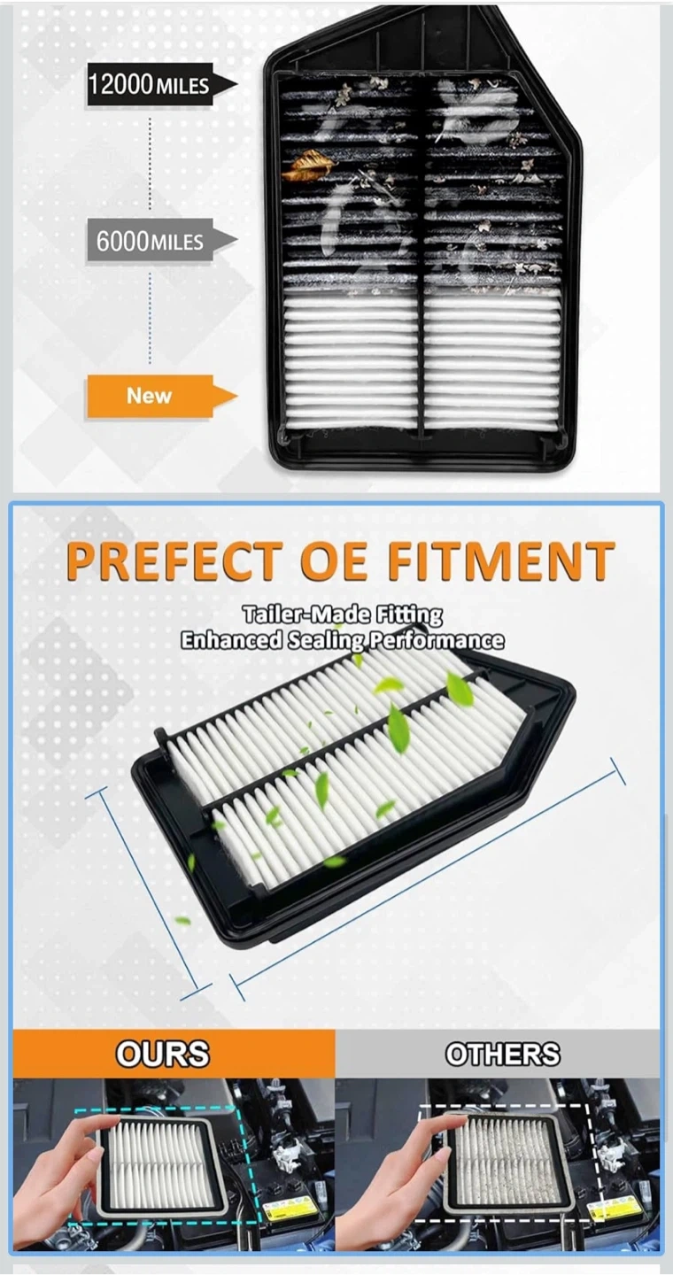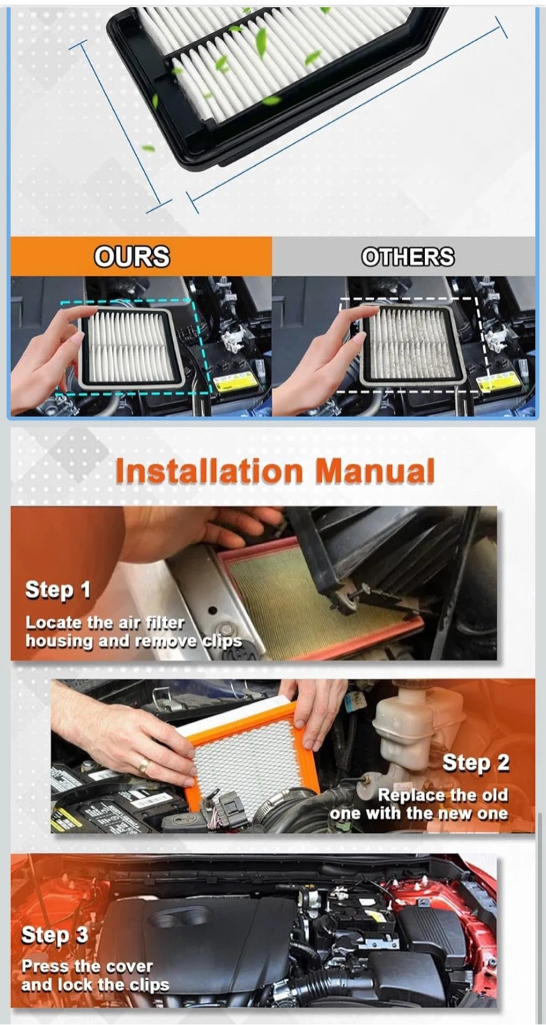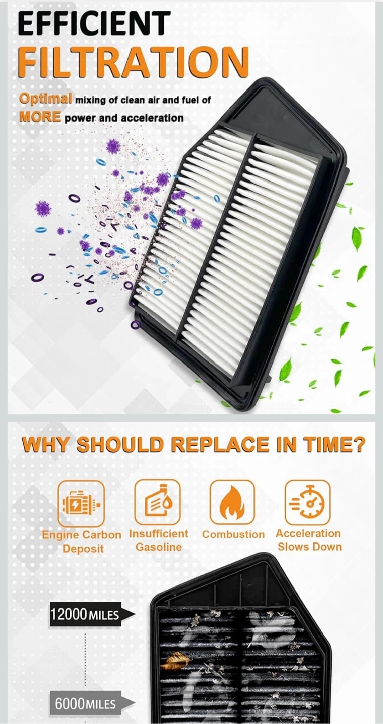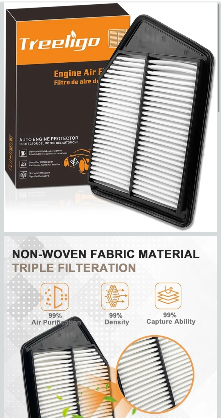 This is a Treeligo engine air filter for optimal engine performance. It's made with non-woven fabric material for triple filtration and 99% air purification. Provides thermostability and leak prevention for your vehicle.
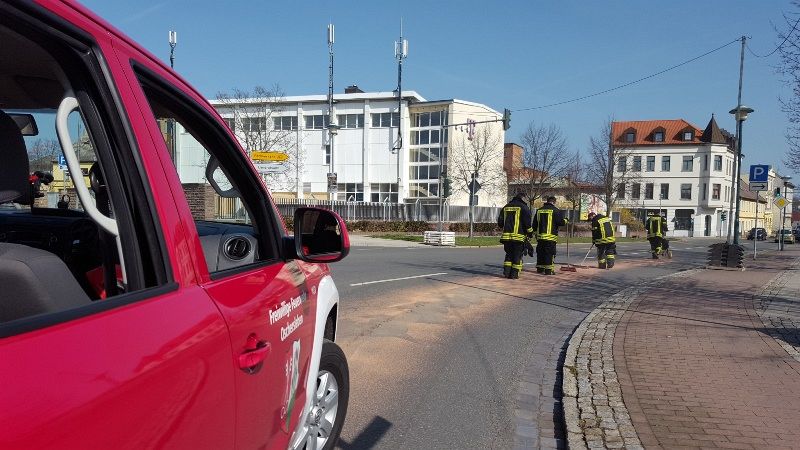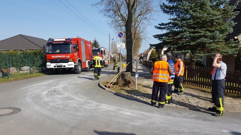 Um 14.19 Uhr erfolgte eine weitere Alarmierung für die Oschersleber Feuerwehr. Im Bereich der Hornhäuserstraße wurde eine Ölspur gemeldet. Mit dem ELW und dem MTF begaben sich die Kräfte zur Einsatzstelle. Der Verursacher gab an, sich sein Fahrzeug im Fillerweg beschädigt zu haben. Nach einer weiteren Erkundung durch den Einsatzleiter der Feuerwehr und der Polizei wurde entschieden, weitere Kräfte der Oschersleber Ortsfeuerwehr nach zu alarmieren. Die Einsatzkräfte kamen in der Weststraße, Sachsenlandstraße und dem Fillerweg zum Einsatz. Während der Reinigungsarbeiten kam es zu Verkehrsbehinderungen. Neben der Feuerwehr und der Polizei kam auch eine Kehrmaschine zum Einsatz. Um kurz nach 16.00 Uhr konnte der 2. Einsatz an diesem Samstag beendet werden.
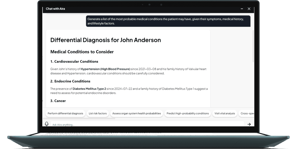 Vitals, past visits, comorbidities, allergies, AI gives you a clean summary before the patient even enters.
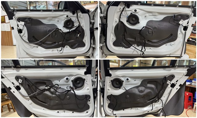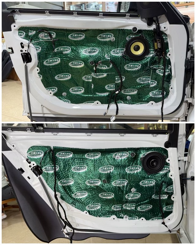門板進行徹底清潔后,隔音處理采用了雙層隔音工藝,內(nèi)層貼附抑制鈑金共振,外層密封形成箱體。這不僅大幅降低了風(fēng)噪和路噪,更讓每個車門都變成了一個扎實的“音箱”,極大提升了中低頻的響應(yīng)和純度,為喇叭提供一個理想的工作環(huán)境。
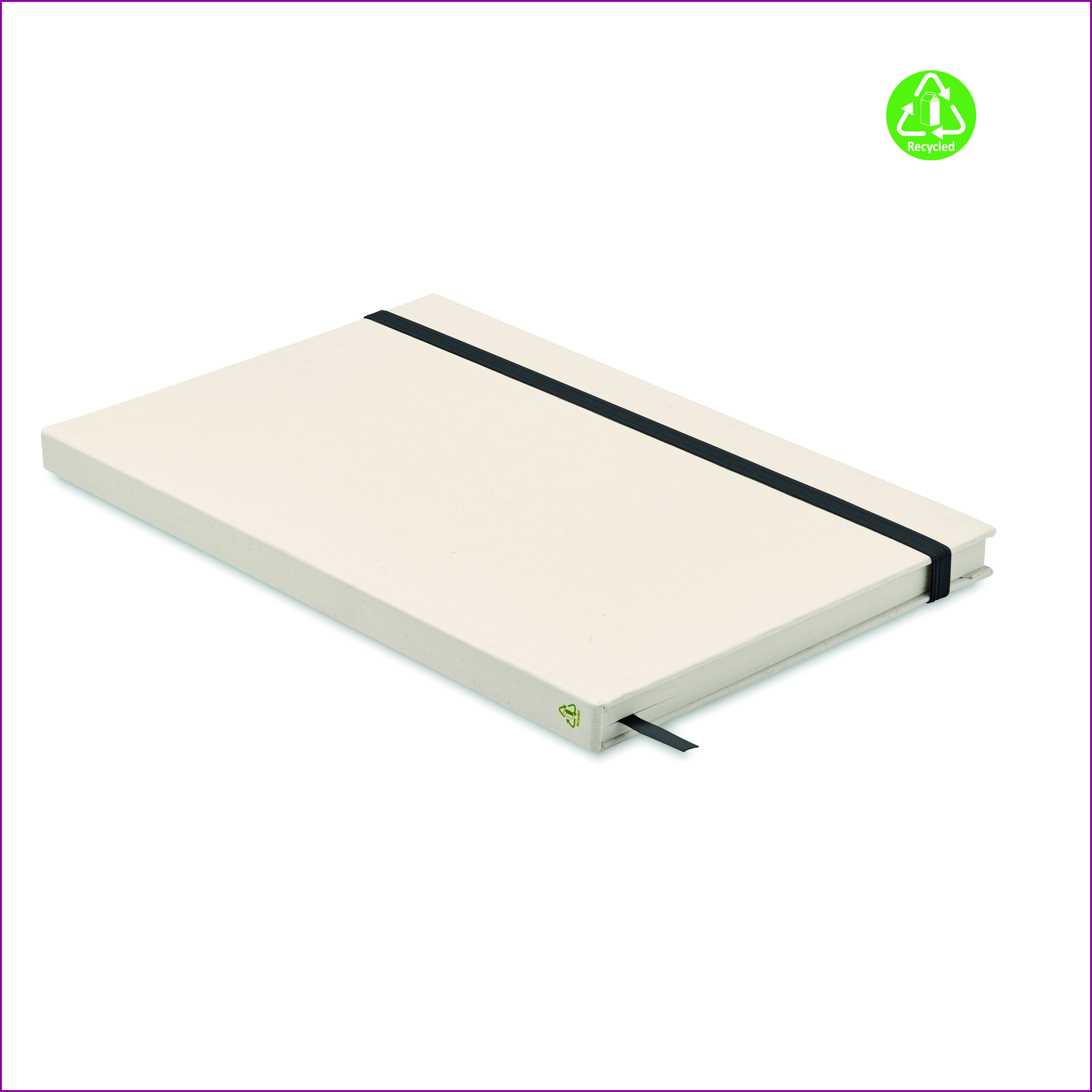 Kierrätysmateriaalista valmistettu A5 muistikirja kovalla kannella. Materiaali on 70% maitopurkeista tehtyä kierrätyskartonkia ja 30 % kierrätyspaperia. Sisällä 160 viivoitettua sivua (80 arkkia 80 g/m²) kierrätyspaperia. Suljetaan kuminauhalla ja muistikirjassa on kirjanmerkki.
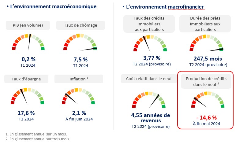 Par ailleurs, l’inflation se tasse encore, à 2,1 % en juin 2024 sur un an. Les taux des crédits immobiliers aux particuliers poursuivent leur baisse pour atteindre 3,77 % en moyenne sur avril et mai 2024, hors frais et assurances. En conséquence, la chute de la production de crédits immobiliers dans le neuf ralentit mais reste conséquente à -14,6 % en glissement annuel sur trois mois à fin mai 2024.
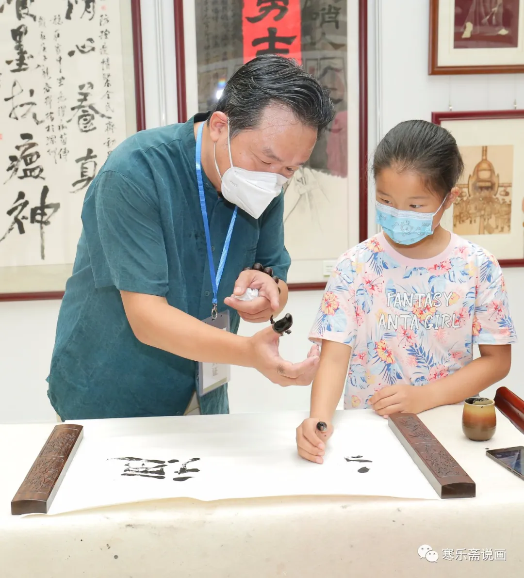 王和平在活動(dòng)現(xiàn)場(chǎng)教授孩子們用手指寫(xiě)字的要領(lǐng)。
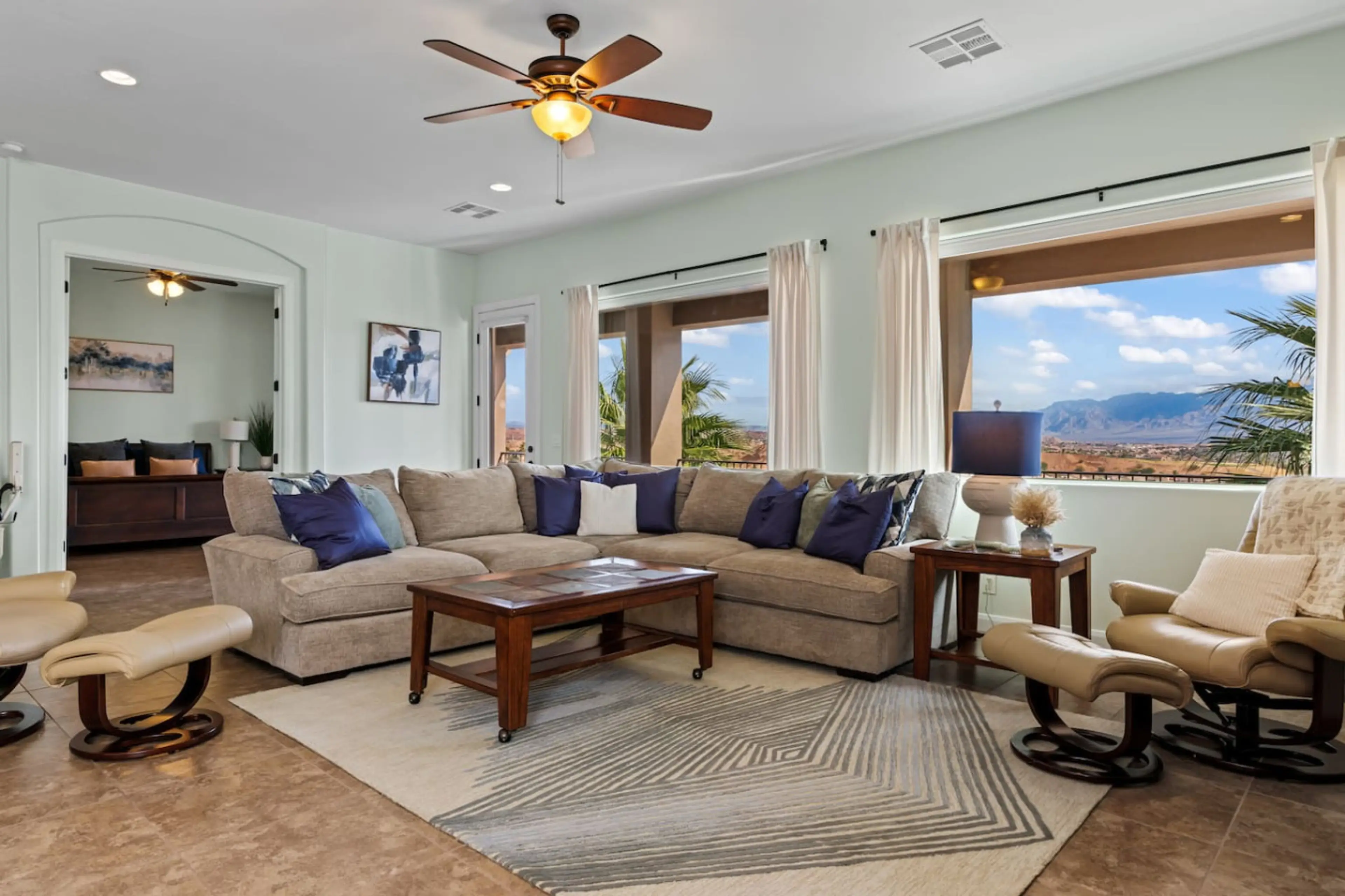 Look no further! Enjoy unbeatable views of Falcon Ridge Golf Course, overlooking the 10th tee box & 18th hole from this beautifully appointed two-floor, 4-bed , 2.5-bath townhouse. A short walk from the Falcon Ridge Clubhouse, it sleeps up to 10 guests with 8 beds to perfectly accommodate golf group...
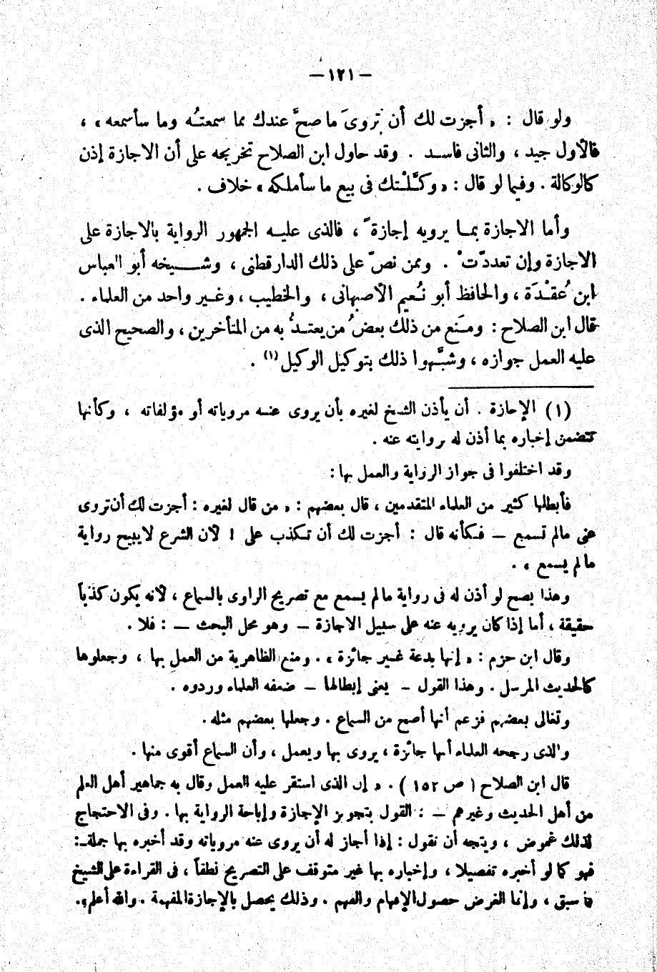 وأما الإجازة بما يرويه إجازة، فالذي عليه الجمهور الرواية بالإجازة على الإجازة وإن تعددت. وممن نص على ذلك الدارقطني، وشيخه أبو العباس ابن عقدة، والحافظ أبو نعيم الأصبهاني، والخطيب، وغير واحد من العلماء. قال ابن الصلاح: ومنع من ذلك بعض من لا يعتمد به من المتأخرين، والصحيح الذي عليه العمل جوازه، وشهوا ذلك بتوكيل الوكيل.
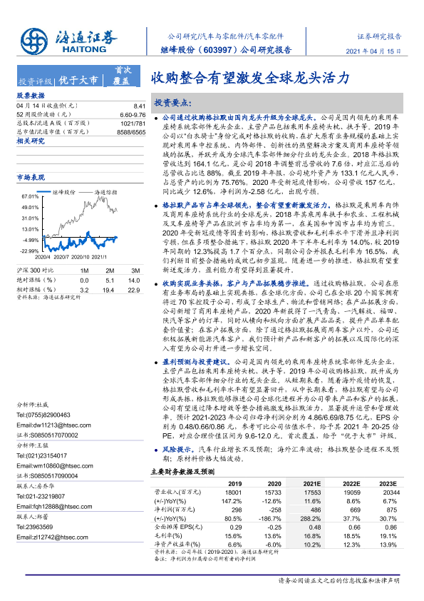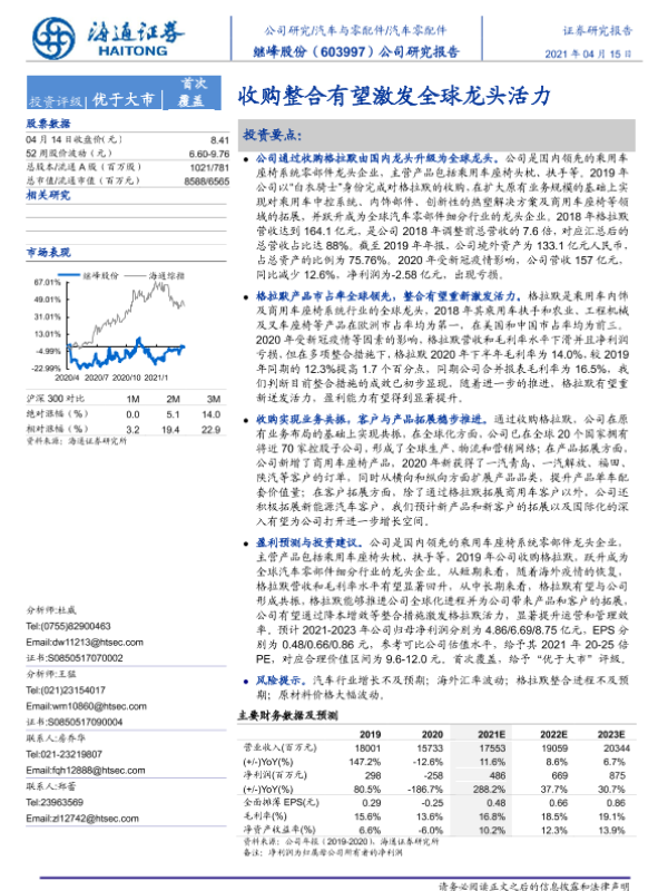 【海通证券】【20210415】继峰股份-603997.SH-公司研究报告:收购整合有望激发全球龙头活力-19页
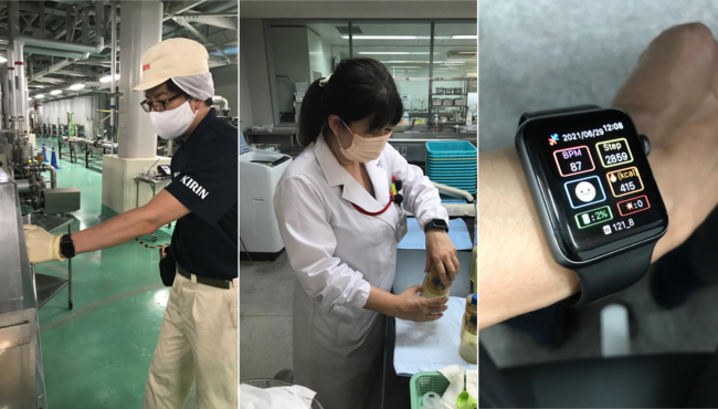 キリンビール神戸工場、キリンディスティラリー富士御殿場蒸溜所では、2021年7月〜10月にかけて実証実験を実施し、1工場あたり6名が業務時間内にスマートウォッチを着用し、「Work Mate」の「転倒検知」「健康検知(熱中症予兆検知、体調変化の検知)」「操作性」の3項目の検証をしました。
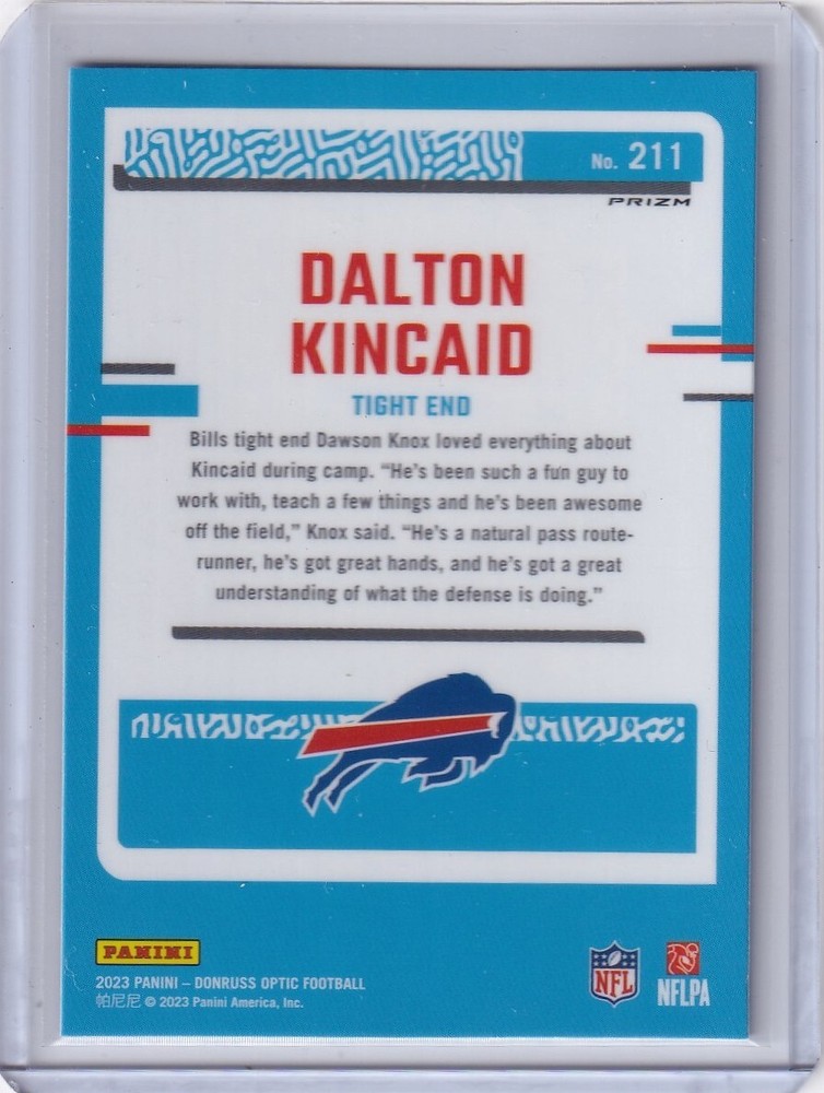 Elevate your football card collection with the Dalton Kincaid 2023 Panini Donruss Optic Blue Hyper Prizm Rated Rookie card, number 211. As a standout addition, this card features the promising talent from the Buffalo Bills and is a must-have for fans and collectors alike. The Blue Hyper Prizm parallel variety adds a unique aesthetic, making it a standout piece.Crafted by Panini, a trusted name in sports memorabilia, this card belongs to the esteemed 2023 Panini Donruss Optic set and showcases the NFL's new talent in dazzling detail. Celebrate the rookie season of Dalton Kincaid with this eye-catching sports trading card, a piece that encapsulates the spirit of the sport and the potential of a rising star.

— Problem details —
Begin at the first line of the records and please reproduce every line exactly through the one containing "Um 14.19 Uhr", leaving all pictures out.

— Your solution —
 This is a Treeligo engine air filter for optimal engine performance. It's made with non-woven fabric material for triple filtration and 99% air purification. Provides thermostability and leak prevention for your vehicle.
 Um 14.19 Uhr erfolgte eine weitere Alarmierung für die Oschersleber Feuerwehr. Im Bereich der Hornhäuserstraße wurde eine Ölspur gemeldet. Mit dem ELW und dem MTF begaben sich die Kräfte zur Einsatzstelle. Der Verursacher gab an, sich sein Fahrzeug im Fillerweg beschädigt zu haben. Nach einer weiteren Erkundung durch den Einsatzleiter der Feuerwehr und der Polizei wurde entschieden, weitere Kräfte der Oschersleber Ortsfeuerwehr nach zu alarmieren. Die Einsatzkräfte kamen in der Weststraße, Sachsenlandstraße und dem Fillerweg zum Einsatz. Während der Reinigungsarbeiten kam es zu Verkehrsbehinderungen. Neben der Feuerwehr und der Polizei kam auch eine Kehrmaschine zum Einsatz. Um kurz nach 16.00 Uhr konnte der 2. Einsatz an diesem Samstag beendet werden.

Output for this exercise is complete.